Purpose
Systemic lupus erythematosus (SLE) is a multisystem autoimmune disorder affecting multiple organ systems frequently with a relapsing and remitting clinical course. It may have ocular manifestations at posterior pole, cornea, conjunctiva, sclera, uveal tract and optic nerve.
SLE is a complex disease with dysregulation of the immune system with defects in the innate and adaptive immune systems.
Methods
A 40‐year‐old Spanish woman was diagnosed with SLE 5 years before. At the time she underwent treatment with a tapering dose of oral prednisone (currently 10 mg/day) and hydroxychloroquine because of a relapse only with cutaneous involvement.
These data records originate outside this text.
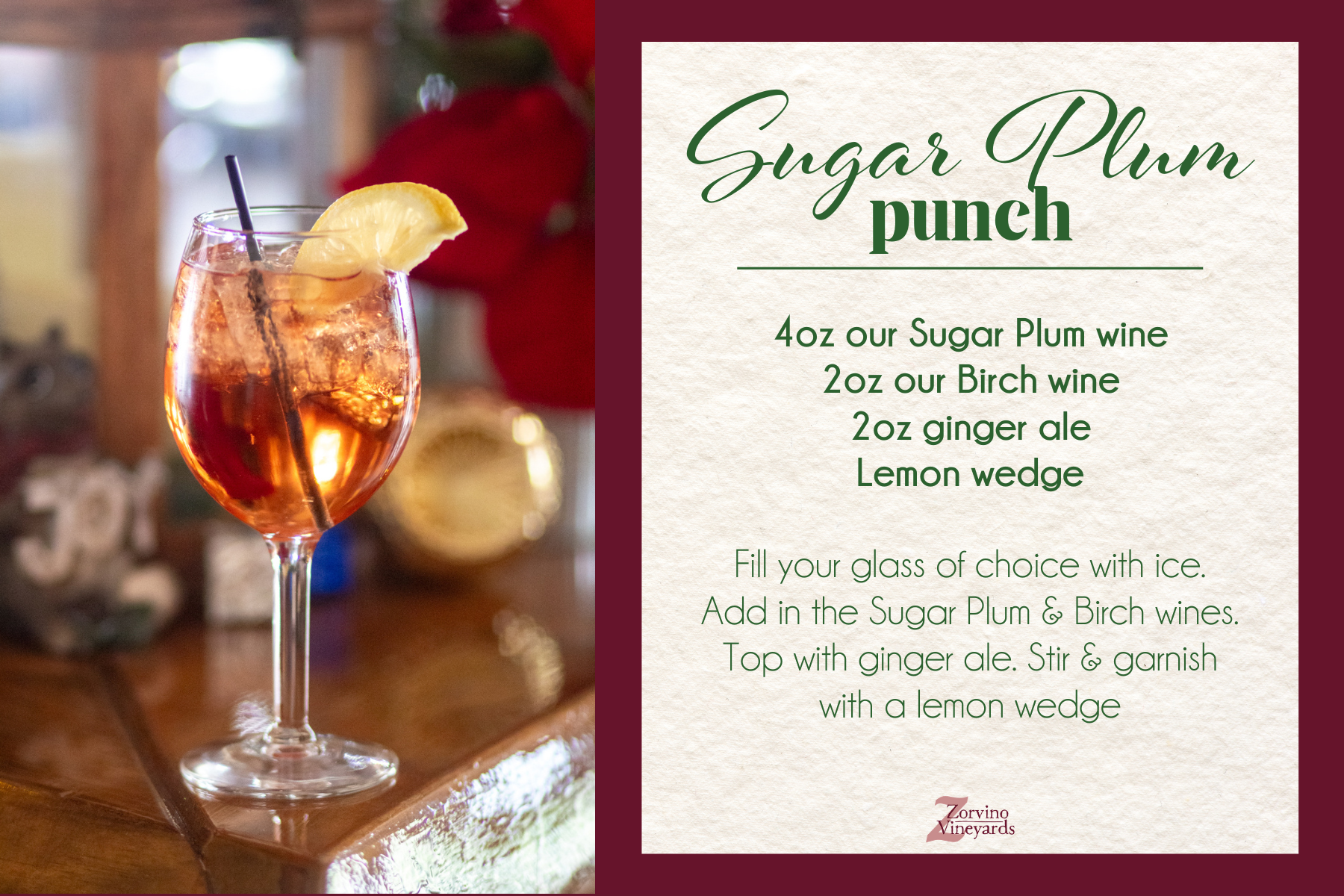 A wine cocktail with a festive twist! Our Sugar Plum Punch features our Sugar Plum wine – 100% plum wine, aged with an aromatic blend of baking spices including cinnamon, nutmeg, clove, ginger, & cardamom, and fortified to 18%. It’s topped off with our Birch wine for the warm caramel undertones, a splash of ginger ale for a little kick, and garnished with a lemon wedge to cut through the sweetness. It’s fruity upfront, followed by those warm spice & smooth caramel notes, and finishes with the lingering taste of ginger. The perfect beverage for your holiday gatherings!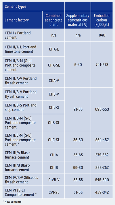 Indicative embodied carbon (modules A1-A3) for different cements and combinations (Table 2 from Concrete Quarterly, winter 2023)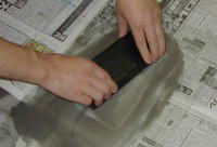 砥石の調整 それから、測定定規で砥面を調べてください。人造砥石は砥面が減りやすいのでこまめにチェックしてください。もし、凸凹があれば砥面修正をし、光沢が出るまで名倉をかけてください。 私の砥面修正の仕方は、ガラス板に水をたらし、金剛砂をまいて、その上で砥石を右回り左回りと円を描くように砥石の重さだけで力を入れないでこすります。へこんだとこがなくなれば、あと、名倉をかけます。他には、テーブルの上に400番くらいの耐水ペーパーに水をかけて、前後にこする方法もあります。 本山砥石のような天然砥石は、左右、前後に厚みが平均していないのが多いので、砥石のうらをコンクリート等のところで削って、平均にしておきます。また、砥石の座り具合もガタつかないように調整しておいてください。砥石の裏にゴム板などを貼り付けるといいですね。 名倉 名倉砥とは天然砥石の一つです。一般に名倉と呼ばれるものには長崎県対馬産の「黒名倉(別名:細名倉)」、愛知県三河産の「白名倉(別名:中名倉)」があります。 ![]() 現在私が使っている名倉です。 どこの名倉かよく知りません m(__)m 次の、「準備」に進みましょう |

She came to the emergency department because she noticed a nasal visual field defect and flashes in her right eye. Her best corrected visual acuity (BCVA) was 20/20 in both eyes and slit‐lamp anterior segment examination was unremarkable. Right fundus showed multiple cotton wool spots along the vessels, and some intraretinal haemorrhages in the inferior temporal branch retinal.Right fundus fluorescein angiography revealed an active vasculitis with abnormal vessel permeability and leakage of the dye together with a branch retinal artery occlusion along the inferotemporal arcade without ischemic areas. Her left eye was normal. She was treated with high‐dose steroid (intravenous methylprednisolone 500 mg/day during 3 days). Then, she completed 2 doses of intravenous cyclophosphamide 400 mg and oral prednisone (45 mg/day) and hydroxychloroquine 400 mg/day.
Results
The following week the fundus examination demonstrated resolution of haemorrhages without neovascularization or cotton wool spots. BCVA remained 20/20 and visual field exam slightly improved.
Conclusions
SLE may lead to severe unilateral vasculitis. However, an early diagnosis and aggressive treatment allow the resolution of the disease without many sequelae.